(Stored records)
*** Begin section ***

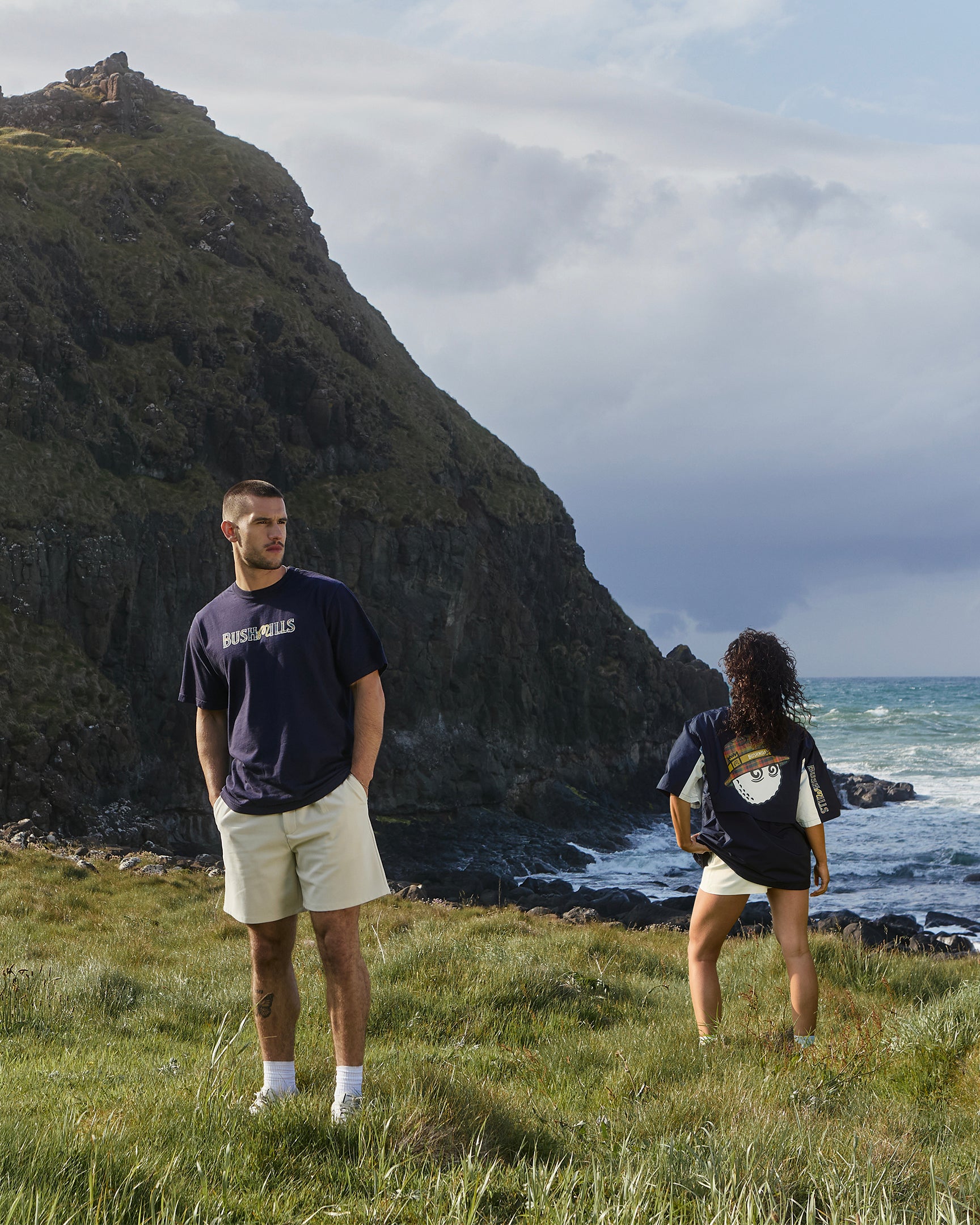 The Malbon x Bushmills T-Shirts come in Navy or White and feature the partnership’s iconic lockup on the front, and the Bushmills x Malbon Causeway graphic screen printed on the back
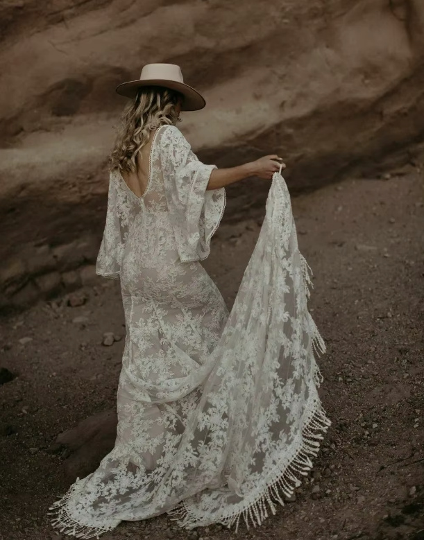 Boho Style Hippie Fit and Flare Lace Wedding Dress with Flare Sleeves
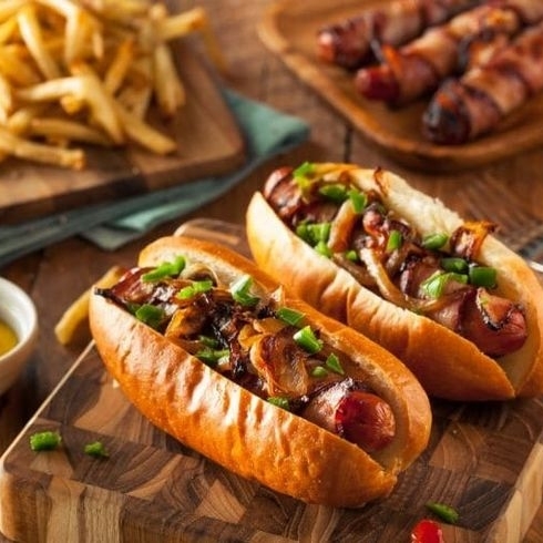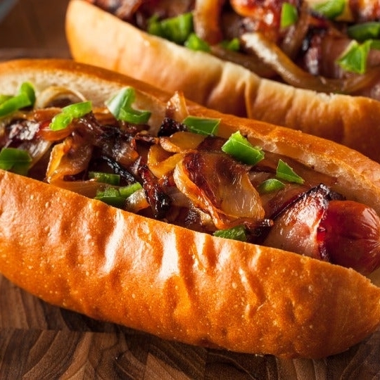 Salchicha de pavo con queso asadero y envuelta en tocino, cebolla caramelizada y aderezos.
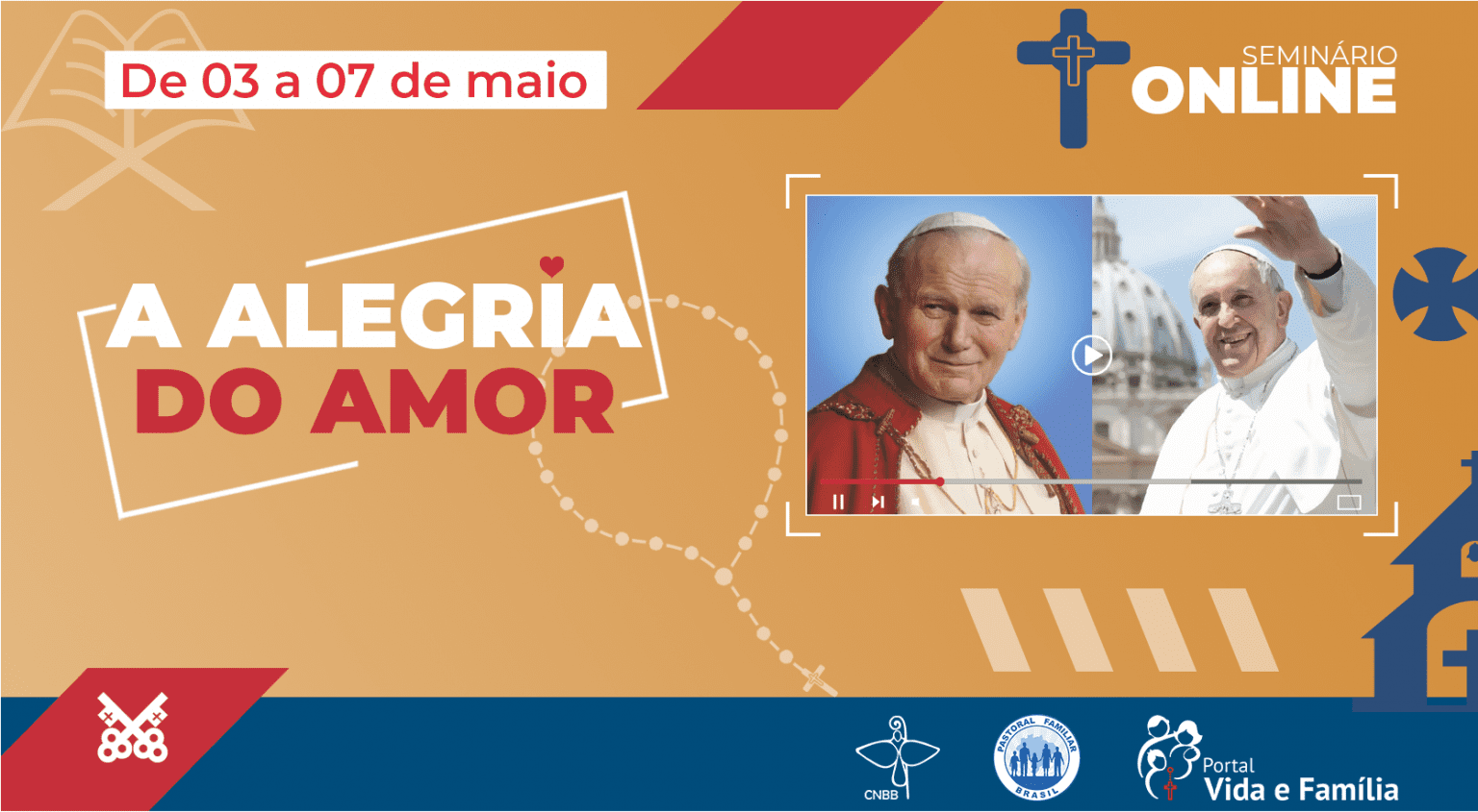 Para celebrar os 40 anos da Familiaris Consortio e os cinco anos da Amoris Laetitia, exortações apostólicas sobre a família dos Papas João Paulo II e Francisco, respectivamente, a Comissão Episcopal Pastoral para a Vida e a Família da Conferência Nacional dos Bispos do Brasil (CNBB), por meio da Comissão Nacional da Pastoral Familiar (CNPF), promove o Seminário Alegria do Amor, de 3 a 7 de maio, de forma on-line, sempre às 20h.
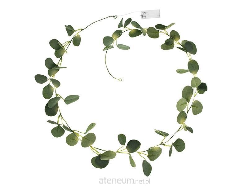 Girlanda Eukaliptus w kolorze zielonym z 20 lampkami LED o ciepłej barwie światła, długość ok. 2 m. Przeznaczone do użytku wewnętrznego, zasilane bateriami 2 x AA (nie dołączone). Brak możliwości łączenia z innym zestawem oświetleniowym. Napięcie znamionowe: 3V, Moc znamionowa: 0.6W, Moc żarówki: 0.03W.
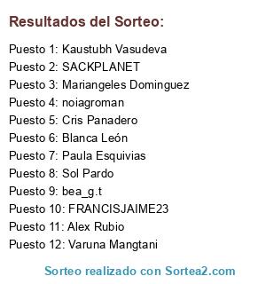 Lista de participantes: sara_mcdls, luismiab, rebeca_cervera_miro, gaiarigamondi, sebnem.b.02, daytona.louise, laurabellan_, huitham_511, vademoda, laianiceday, ilyadem_, akisa1111, victorprietobote, anastasiabondarenkoo, jose_prahe, jackingtrash, carahummus, dianaflrs_, jesuito17, sincerebroninah, marinasanchezj, sammyteeaparty, ana.cb, ciberrober7, noiagroman, bea_g.t, nastyadomracheva, bertalupon15, iris.ipicazo, Txus Sánchester, Aniram HerMar, 최소희, Luis Miguel Alvarez, Monica Edwards, Maria Solano Cano, Mónica Ortiz, Paula Esquivias, Kathy Quick, Ness Kaid Khinache, Dari Chou, Marina Navarro Vilalta, Paula Kozak, Arancha Die, Andrea Garcia, Ingrid Cesareo, Marco Ortiz, Alexandra Florensa Palacios, Wendy Perez, 서동균, Alian Wu, Laia Capo, Marta Martita, Anastasia Macovei, Alberto Conchado Sánchez, Angela Soler, Alejandro Gonzalez, Agustín Morgado León, Brenda Gonzalez Perez, Paula Cuberos, Eduardo Gomez, Marina Parra, Angela Torres Seminario, Alex Rubio, Nikita Warren, Julia Paskalieva, Vicente Luis Gasco Bonias, Leonor Lainho, Ángela García, Laura Salazar Guerrero, Tatiana Soler Fernández, Emma Tikkanen, Gabry Blanco Diaz, Honey Soni, Laura Solé, Marina Sánchez, Lo Napa, Almu Escrig Méndez, Alain Sen, Silvia Fernández Ponce, Ruben Corral Delgado, Mark Geconcillo, Judit Sosa Cordobes, Isabell Morup, Roberto Parro Gonzalez, Chouaib Bendahou, Mariangeles Dominguez, Sol Pardo, Marina Garcia, Lourdes Miralles, Jose Pelaez, Jeroen de Bont, Sara Isabel Rodríguez, Löwe Ap, Nati Lopez Diaz, Alicia Muñoz, Ana Rg, Andrea Lft, Alex Eironeia, Blanca León, Almudena Cg, Rafael Mairén González, Nuria Pineda Barrero, Roger Calpe, Sergio Arnaiz Delgado, Keegan Xerri, Varuna Mangtani, Kaustubh Vasudeva, Maria Amador, Katy De Dann Braun, Laura Naharro, Nakkie Drávama, Juan LS, Rocio Gonzalez Delia, Lidia Pinazo, Toni Aguado Rodenas, Cris Panadero, Nami Rock Zombi, Beatriz Navas Ponce, Cuki Mateo Encina, Abia Santos, Alejandra Garcia, Vicky Gómez-Landero Sánchez, Teresa Santiago Ponce, Bruno Cañenguez, Antonio Utrera, Alba Heredero, Javier Rivera Armada, Roo Garcia Barranquero, Ana Sohaila Homsi, Almudena Román, Laura Oliva Martinez, Andres Cano Duran, Joana Machado, Alberto Mejías, JJ De Luna Garnica, Esther Muñoz Moreno, Natalia Hinojo Garri, Juan Buiza Nuñez, Pablo García Pisa, Joss Tarazona, Nacho Aguilar Caselles, Vicent Salvador Prieto, Almudena Gomez Ascariz, Elena Gutiérrez Ramo, Jesús Ramms Stein, Mike House, Gonzalo Fernández Bernal, Noeki Yamazaki, Alberto Alarcón Sánchez, Jesús Manuel Varela Ponte, María Hernández, Eliisabeth Pozo Morales, Victor PG, Daniela A. Charry, Sandra Perez, Nacho Olóndriz Lazaro, Angie Cuevas, Ana Pérez, Paula Tedín Pérez, Esperanza Caparros, Lorena Cil, Maria Escribano, Simona Spirits, Cristina Gonzalez, Lizandro Sanchez, Blanca Gonzalez Rodriguez, Isabel León Domínguez, Gustavo Cristaldo, Gonzalo Martín Fernández, Ignacio Ahumada Rodríguez, Jaime Trinidad de Haro, Lidia Rivas Juan, Omer K Bakr, Juankar Gibson, Diego Moreno Méndez, D Roberto Lozano Junco, Gonzalo Linares Martínez, Pablo Becerril, Alejandro Sanchez Bretones, Cristian Trabuko Vargas, VANESALUPI, NOELUNA13, CRISTIHARA, MIRENAPF, DECIMAS83, RAULYSANTOS, ROCISANT, OVETUS09, MAMEM07, INCREPONE, JULUVI, YO_CMISMA, YOSOYKINI, JOSEMARIAGUINEA, TIPMLG09, YOUTUBERPARO, RARITOENBIBLIO, BUHOKKI, JUAN_RE_PAN, FESTIREO, BUHOKIM, OPORTUNITYPICKS, AMANTESILENCIO, MIAMANTEBANDIDA, JUANZEVA1, DELUXECAVIAR, LAURITATOPLAURA, JUANMACASTANA, TONYSPECIALONE, TONIENLARED, FRANCISJAIME23, ARNDELSER, CARFERG1, MONICAPRO2, ALBERTODANZARE, CRISPI08, MARITRINI111, SUSMARTOS, KIMIVONIX, RUBENYMC, MARTOSSILVIS, PINKITRAVEL1, ESPESUAREZ, JUANAN231211, JUCADIPO1994, CONSEJOS_FITNES, MONIQUEMAKER, SACKPLANET, WEONE_1, HOYPUEDEQUESI, MONIKAEQUIS2, LAURACARTOON, JUANCA_MELLI, THE_ESTRUCTURA, SOFILLANA.
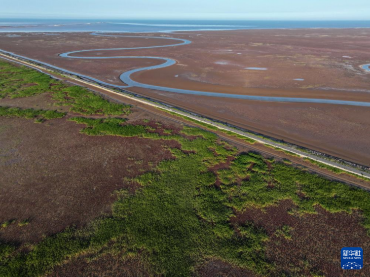 这是6月25日在山东东营拍摄的黄河三角洲国家级自然保护区湿地(无人机照片)。
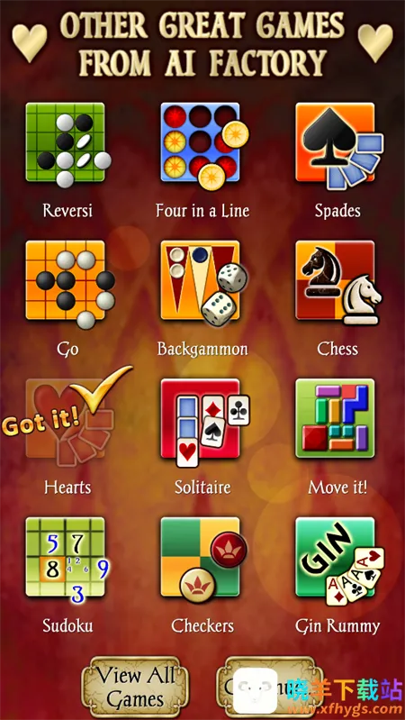 红心大战2026官方最新版本是一款安卓益智休闲游戏,收录众多卡牌与棋子小游戏。玩法依规则出牌,目标获100分结束。特色有灵活卡牌传递、可选规则、对战模式。优势是多套牌背、AI难度可调、有历史战绩统计。

*** End section ***

Pictures stay out; the entries above are to be output exactly as given.

- [Result of the exercise]:
 The Malbon x Bushmills T-Shirts come in Navy or White and feature the partnership’s iconic lockup on the front, and the Bushmills x Malbon Causeway graphic screen printed on the back
 Boho Style Hippie Fit and Flare Lace Wedding Dress with Flare Sleeves
 Salchicha de pavo con queso asadero y envuelta en tocino, cebolla caramelizada y aderezos.
 Para celebrar os 40 anos da Familiaris Consortio e os cinco anos da Amoris Laetitia, exortações apostólicas sobre a família dos Papas João Paulo II e Francisco, respectivamente, a Comissão Episcopal Pastoral para a Vida e a Família da Conferência Nacional dos Bispos do Brasil (CNBB), por meio da Comissão Nacional da Pastoral Familiar (CNPF), promove o Seminário Alegria do Amor, de 3 a 7 de maio, de forma on-line, sempre às 20h.
 Girlanda Eukaliptus w kolorze zielonym z 20 lampkami LED o ciepłej barwie światła, długość ok. 2 m. Przeznaczone do użytku wewnętrznego, zasilane bateriami 2 x AA (nie dołączone). Brak możliwości łączenia z innym zestawem oświetleniowym. Napięcie znamionowe: 3V, Moc znamionowa: 0.6W, Moc żarówki: 0.03W.
 Lista de participantes: sara_mcdls, luismiab, rebeca_cervera_miro, gaiarigamondi, sebnem.b.02, daytona.louise, laurabellan_, huitham_511, vademoda, laianiceday, ilyadem_, akisa1111, victorprietobote, anastasiabondarenkoo, jose_prahe, jackingtrash, carahummus, dianaflrs_, jesuito17, sincerebroninah, marinasanchezj, sammyteeaparty, ana.cb, ciberrober7, noiagroman, bea_g.t, nastyadomracheva, bertalupon15, iris.ipicazo, Txus Sánchester, Aniram HerMar, 최소희, Luis Miguel Alvarez, Monica Edwards, Maria Solano Cano, Mónica Ortiz, Paula Esquivias, Kathy Quick, Ness Kaid Khinache, Dari Chou, Marina Navarro Vilalta, Paula Kozak, Arancha Die, Andrea Garcia, Ingrid Cesareo, Marco Ortiz, Alexandra Florensa Palacios, Wendy Perez, 서동균, Alian Wu, Laia Capo, Marta Martita, Anastasia Macovei, Alberto Conchado Sánchez, Angela Soler, Alejandro Gonzalez, Agustín Morgado León, Brenda Gonzalez Perez, Paula Cuberos, Eduardo Gomez, Marina Parra, Angela Torres Seminario, Alex Rubio, Nikita Warren, Julia Paskalieva, Vicente Luis Gasco Bonias, Leonor Lainho, Ángela García, Laura Salazar Guerrero, Tatiana Soler Fernández, Emma Tikkanen, Gabry Blanco Diaz, Honey Soni, Laura Solé, Marina Sánchez, Lo Napa, Almu Escrig Méndez, Alain Sen, Silvia Fernández Ponce, Ruben Corral Delgado, Mark Geconcillo, Judit Sosa Cordobes, Isabell Morup, Roberto Parro Gonzalez, Chouaib Bendahou, Mariangeles Dominguez, Sol Pardo, Marina Garcia, Lourdes Miralles, Jose Pelaez, Jeroen de Bont, Sara Isabel Rodríguez, Löwe Ap, Nati Lopez Diaz, Alicia Muñoz, Ana Rg, Andrea Lft, Alex Eironeia, Blanca León, Almudena Cg, Rafael Mairén González, Nuria Pineda Barrero, Roger Calpe, Sergio Arnaiz Delgado, Keegan Xerri, Varuna Mangtani, Kaustubh Vasudeva, Maria Amador, Katy De Dann Braun, Laura Naharro, Nakkie Drávama, Juan LS, Rocio Gonzalez Delia, Lidia Pinazo, Toni Aguado Rodenas, Cris Panadero, Nami Rock Zombi, Beatriz Navas Ponce, Cuki Mateo Encina, Abia Santos, Alejandra Garcia, Vicky Gómez-Landero Sánchez, Teresa Santiago Ponce, Bruno Cañenguez, Antonio Utrera, Alba Heredero, Javier Rivera Armada, Roo Garcia Barranquero, Ana Sohaila Homsi, Almudena Román, Laura Oliva Martinez, Andres Cano Duran, Joana Machado, Alberto Mejías, JJ De Luna Garnica, Esther Muñoz Moreno, Natalia Hinojo Garri, Juan Buiza Nuñez, Pablo García Pisa, Joss Tarazona, Nacho Aguilar Caselles, Vicent Salvador Prieto, Almudena Gomez Ascariz, Elena Gutiérrez Ramo, Jesús Ramms Stein, Mike House, Gonzalo Fernández Bernal, Noeki Yamazaki, Alberto Alarcón Sánchez, Jesús Manuel Varela Ponte, María Hernández, Eliisabeth Pozo Morales, Victor PG, Daniela A. Charry, Sandra Perez, Nacho Olóndriz Lazaro, Angie Cuevas, Ana Pérez, Paula Tedín Pérez, Esperanza Caparros, Lorena Cil, Maria Escribano, Simona Spirits, Cristina Gonzalez, Lizandro Sanchez, Blanca Gonzalez Rodriguez, Isabel León Domínguez, Gustavo Cristaldo, Gonzalo Martín Fernández, Ignacio Ahumada Rodríguez, Jaime Trinidad de Haro, Lidia Rivas Juan, Omer K Bakr, Juankar Gibson, Diego Moreno Méndez, D Roberto Lozano Junco, Gonzalo Linares Martínez, Pablo Becerril, Alejandro Sanchez Bretones, Cristian Trabuko Vargas, VANESALUPI, NOELUNA13, CRISTIHARA, MIRENAPF, DECIMAS83, RAULYSANTOS, ROCISANT, OVETUS09, MAMEM07, INCREPONE, JULUVI, YO_CMISMA, YOSOYKINI, JOSEMARIAGUINEA, TIPMLG09, YOUTUBERPARO, RARITOENBIBLIO, BUHOKKI, JUAN_RE_PAN, FESTIREO, BUHOKIM, OPORTUNITYPICKS, AMANTESILENCIO, MIAMANTEBANDIDA, JUANZEVA1, DELUXECAVIAR, LAURITATOPLAURA, JUANMACASTANA, TONYSPECIALONE, TONIENLARED, FRANCISJAIME23, ARNDELSER, CARFERG1, MONICAPRO2, ALBERTODANZARE, CRISPI08, MARITRINI111, SUSMARTOS, KIMIVONIX, RUBENYMC, MARTOSSILVIS, PINKITRAVEL1, ESPESUAREZ, JUANAN231211, JUCADIPO1994, CONSEJOS_FITNES, MONIQUEMAKER, SACKPLANET, WEONE_1, HOYPUEDEQUESI, MONIKAEQUIS2, LAURACARTOON, JUANCA_MELLI, THE_ESTRUCTURA, SOFILLANA.
 这是6月25日在山东东营拍摄的黄河三角洲国家级自然保护区湿地(无人机照片)。
 红心大战2026官方最新版本是一款安卓益智休闲游戏,收录众多卡牌与棋子小游戏。玩法依规则出牌,目标获100分结束。特色有灵活卡牌传递、可选规则、对战模式。优势是多套牌背、AI难度可调、有历史战绩统计。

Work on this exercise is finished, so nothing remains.